I encoded the graph you included as image, to see how the code would behave:

grid = [
    [38, 32, 34, 24,  0, 82,  5, 41, 11, 32,  0, 16,  0,113, 49, 34, 24,  6, 15, 35],
    [61, 61,  8, 35, 65, 31, 53, 25, 66,  0, 21,  0,  9,  0, 31, 75, 20,  8,  3, 29],
    [43, 66, 47,114, 38, 41,  1,108,  9,  0,  0,  0, 39,  0, 27, 72, 19, 14, 24, 25],
    [45,  5, 37, 23,102, 25, 49, 34, 41, 49, 35, 15, 29, 21, 66, 67, 44, 31, 38, 91],
    [47, 94, 48, 69, 33, 95, 18, 75, 28, 70, 38, 78, 48, 88, 21, 66, 44, 70, 75, 23],
    [23, 84, 53, 23, 92, 14, 71, 12,139, 30, 63, 82, 16, 49, 76, 56,119,100, 47, 21],
    [30,  0, 32, 90,  0,195, 85, 65, 18, 57, 47, 61, 40, 32,109,255, 88, 98, 39,  0],
    [ 0,  0,  0,  0, 39, 39, 76,167, 73,140, 58, 56, 94, 61,212,222,141, 50, 41, 20],
    [ 0,  0,  0,  5,  0,  0, 21,  2,132,100,218, 81,  0, 62,135, 42,131, 80, 14, 19],
    [ 0,  0,  0,  0,  0, 15,  9, 55, 70, 71, 42,117, 65, 63, 59, 81,  4, 40, 77, 46],
    [ 0,  0,  0,  0, 55, 52,101, 93, 30,166, 56, 19, 76,103, 54, 37, 24, 23, 59, 98],
    [ 0,  0,  0,  0,  9,  9, 44,149, 11,134, 90, 64, 44, 57, 61, 79,270,201, 84,  6],
    [ 0,  0,  0, 22,  1, 15,  0, 25, 30,101,154, 60, 97, 64, 15,162, 27, 91, 71,  0],
    [ 0,  0,  1, 35,  5, 10,  0, 55, 25,  0,200, 81, 31, 53, 42, 74,127,154,  7,  0],
    [ 0,  0,187, 17, 45, 66, 91,191, 70,189, 18, 25, 67, 32, 40, 79,103, 79, 59,  0],
    [ 0, 21, 16, 14, 19, 58,278, 56,128, 95,  3, 52,  9, 27, 25, 43, 62, 25, 38,  0],
    [ 4,  3, 11, 26,119,165, 53, 85, 46, 81, 19, 11, 12, 19, 18,  9, 16,  6, 37,  0],
    [ 5,  0,  0, 65,158,153,118, 38,123, 46, 28, 24,  0, 21, 11, 20,  5,  1, 10,  0],
    [17,  4, 28, 81,101,101, 46, 25, 44, 12, 41,  6, 27,  8,  4, 32, 40,  1,  1,  0],
    [26, 20, 84, 42,112, 27, 14, 16,  5, 13,  3, 43,  6, 18, 12, 44,  5,  0,  0,  5]
]

graph = Graph(grid, 0.5) # provide the threshold at initialisation
path = graph.a_star((7, 4), (14, 18))
print(path)

Answer 2

This part is very inefficient.

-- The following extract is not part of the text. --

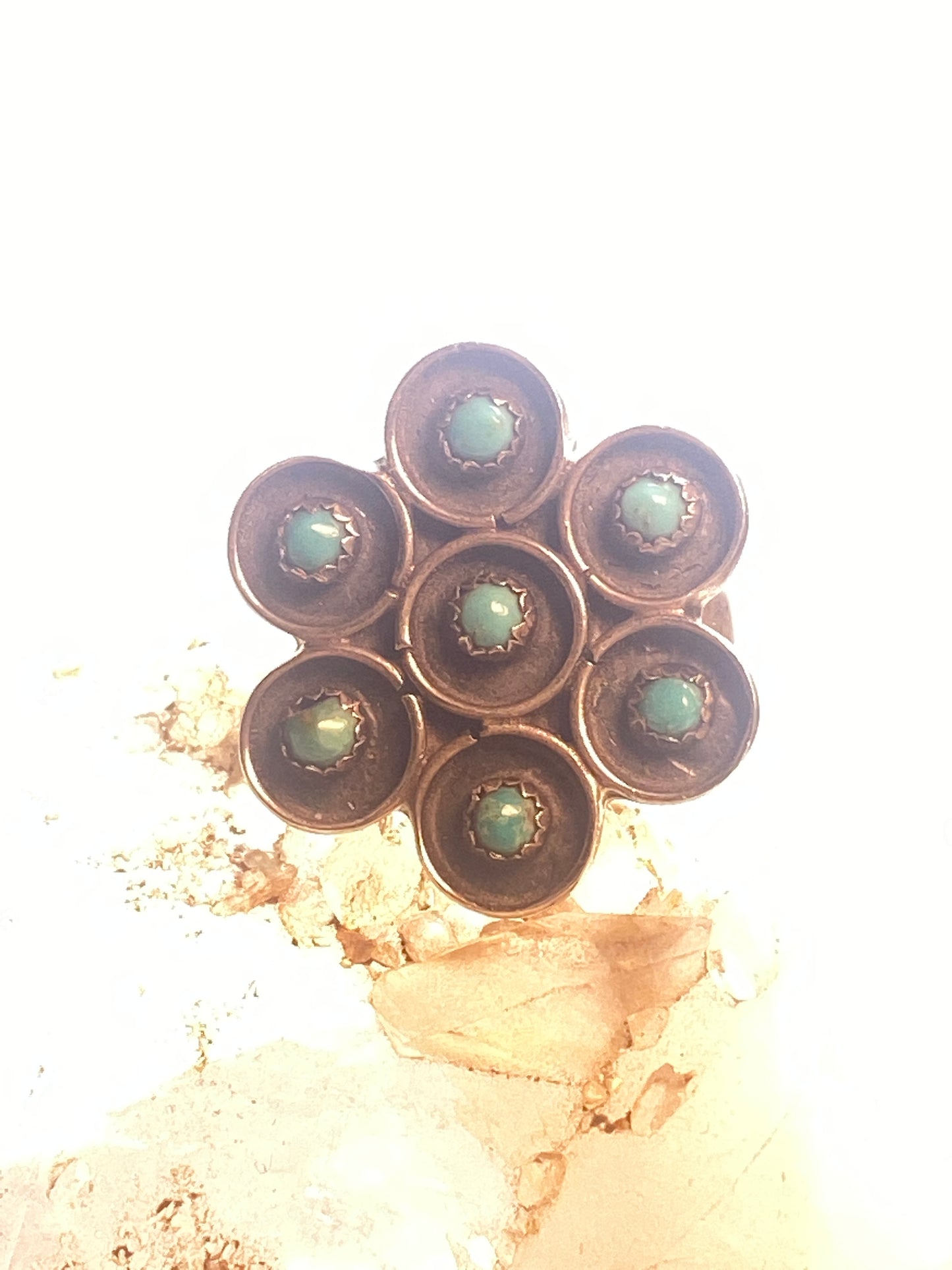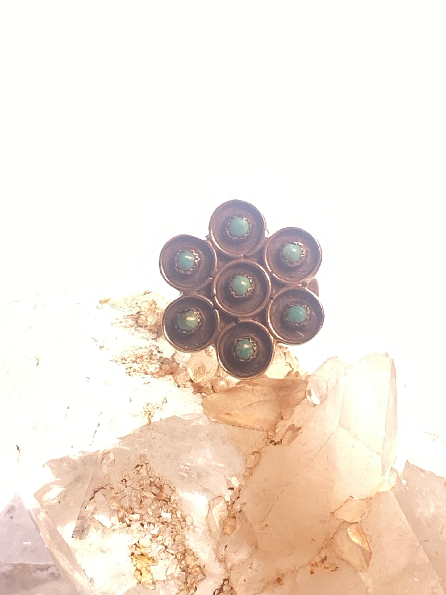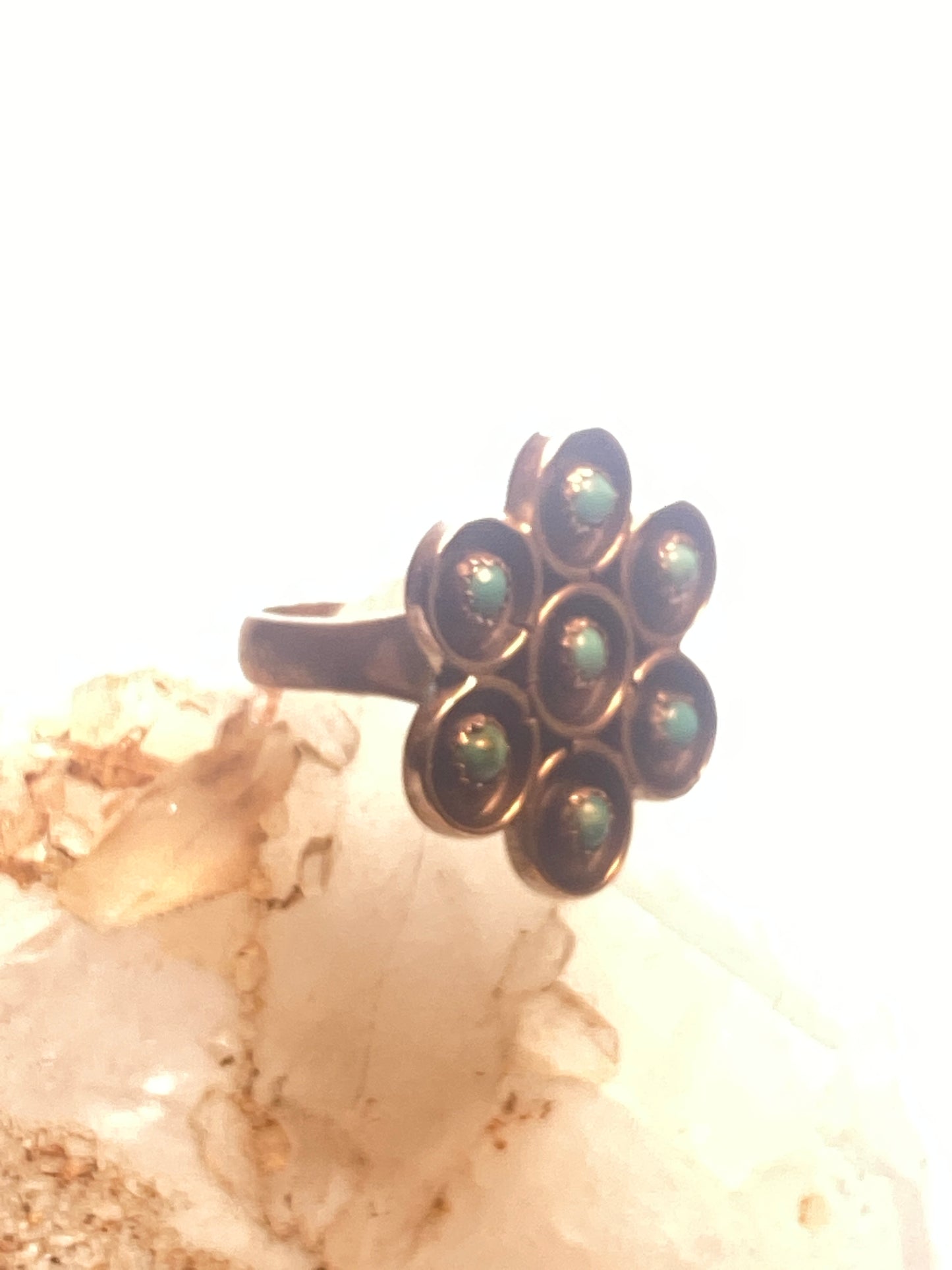 Turquoise ring size 6.50 Zuni flower southwest sterling silver women girls

For every neighbour you walk over two relatively large lists, this brings the overall complexity high very fast once the lists start to grow:

for node in closedList:
    if neighbour.location == node.location:
        append = False
        break
for openNode in openList:
    if neighbour.location == openNode.location:

Basically, your algorithm should not be dependent on any lists. You have your cells, you pop one from the list, you get 8 neighbours, you process them by comparing to the cells you have, then some of those are appended to the list. No need to loop over any lists.